Dissemination is a multistep process, involving escape from the lung, emptying into the draining lymph nodes en route to the lymphatics and bloodstream, and survival and growth in extrapulmonary sites. To determine at which step of dissemination CNLAC1 is involved, mice were infected intravenously. Equal numbers of strain 2E-TUC-4 and 2E-TU-4 were recovered from the brain and spleen at week 3 postinfection (Fig. (Fig.6b).6b). At earlier time points (week 1), similar numbers of laccase-positive and laccase-negative C. neoformans were recovered from the brain (2E-TUC-4, log 5.5 CFU/organ; 2E-TU-4, 5.1 CFU/organ) and spleen (2E-TUC-4, 5.1 CFU/organ; 2E-TU-4, log 5.4 CFU/organ) (data not shown). At this time point both strains had exited the microcapillaries and were growing in the brain tissue, resulting in tissue damage (Fig. (Fig.7).7). This indicates that CNLAC1 does not play a role in (i) survival and/or growth in extrapulmonary sites, (ii) survival in the bloodstream en route to other destinations, or (iii) survival within the brain. Instead, these results support a role for CNLAC1 in escape from the lungs, which may explain the role of CNLAC1 in virulence.

FIG. 7.
Photomicrographs of brains at week 1 postinfection in intravenously infected mice. Mice were infected with 106 CFU of C. neoformans strain 2E-TU-4 or 2E-TUC-4, and brains were harvested at week 1 postinfection. Similar cryptococcal burden and tissue destruction ...

DISCUSSION

The goal of our study was to define the role of CNLAC1 in evasion of host defenses in the lung. Increased mortality was observed in mice infected intratracheally with laccase-positive strain 2E-TUC-4, confirming that CNLAC1 is required for virulence. Surprisingly, we did not observe any differences in the ability of these strains to grow in the lungs of infected mice through week 4 postinfection. After week 4, mice infected with 2E-TUC-4 began to die, whereas mice infected with 2E-TU-4 began to clear the infection in the lungs. No differences were observed in leukocyte recruitment or IFN-γ production at during the course of the infection. However, we observed significantly greater numbers of laccase-positive organisms in the brain, spleen, and LALN at week 4 postinfection. This indicates that CNLAC1 plays a role in dissemination of C. neoformans.

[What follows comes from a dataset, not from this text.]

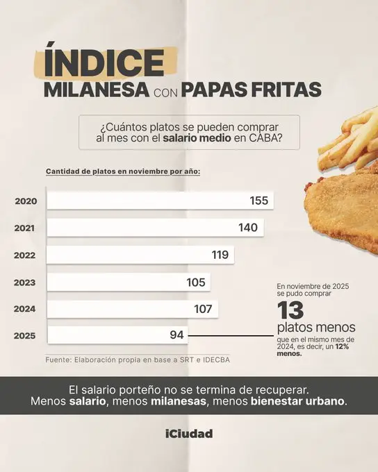 Los números muestran un deterioro claro. En noviembre de 2025 un trabajador promedio podía comprar 94 milanesas con su salario mensual, lo que implica una caída del 12,1% respecto de noviembre de 2024, cuando el sueldo alcanzaba para 107 platos. También representa una baja frente a noviembre de 2023, cuando el indicador marcaba 105.Se trata, además, del nivel más bajo para un mes de noviembre desde que existen registros comparables, lo que confirma una tendencia descendente del poder de compra en los últimos años.

Dissemination is a multistep process, involving escape from the lung, passage into the draining lymph nodes en route to the lymphatics and bloodstream, and survival and growth in extra-pulmonary sites. Significantly more organisms were recovered from the LALN in mice infected intratracheally. If dissemination from the lungs occurs through the lymphatics, the LALN would be the first extrapulmonary site infected. These results suggest that strain 2E-TUC-4 escapes from the lung with increased frequency compared to strain 2E-TU-4. To more specifically address this issue, mice were infected intravenously. By week 3 postinfection, equal numbers of each strain were recovered from the brains and spleens of infected mice, indicating that CNLAC1 does not play a role in growth or survival in extrapulmonary sites or in survival in the bloodstream.

The present study establishes a novel role for CNLAC1 in the virulence of a C. neoformans infection acquired via the respiratory tract. Our results indicate that CNLAC1 is involved in promoting escape of C. neoformans from the lung. Escape may be facilitated by intracellular survival within a cellular disseminatory vehicle. C. neoformans can grow both intracellularly and extracellularly in the lung. However, intracellular survival plays a role in escape from the lung (20). CNLAC1 has been shown to play a role in intracellular survival in alveolar macrophages, which may explain the increased ability of 2E-TUC-4 to disseminate (18). Our results also suggest that intracellular survival in alveolar macrophages may not be important in the growth of C. neoformans in the lung. This idea is supported by the fact that a mutant strain of C. neoformans in App1, which mediates antiphagocytic activity, exhibits decreased virulence in mice (20). Therefore, extracellular growth may be the preferred environment for C. neoformans in the lung for evasion of host defense mechanisms. Overall, we believe the escape of strain 2E-TUC-4 from the lung environment is mediated by a CNLAC1-dependent mechanism and that subsequent growth within the CNS is the likely cause of death in these studies.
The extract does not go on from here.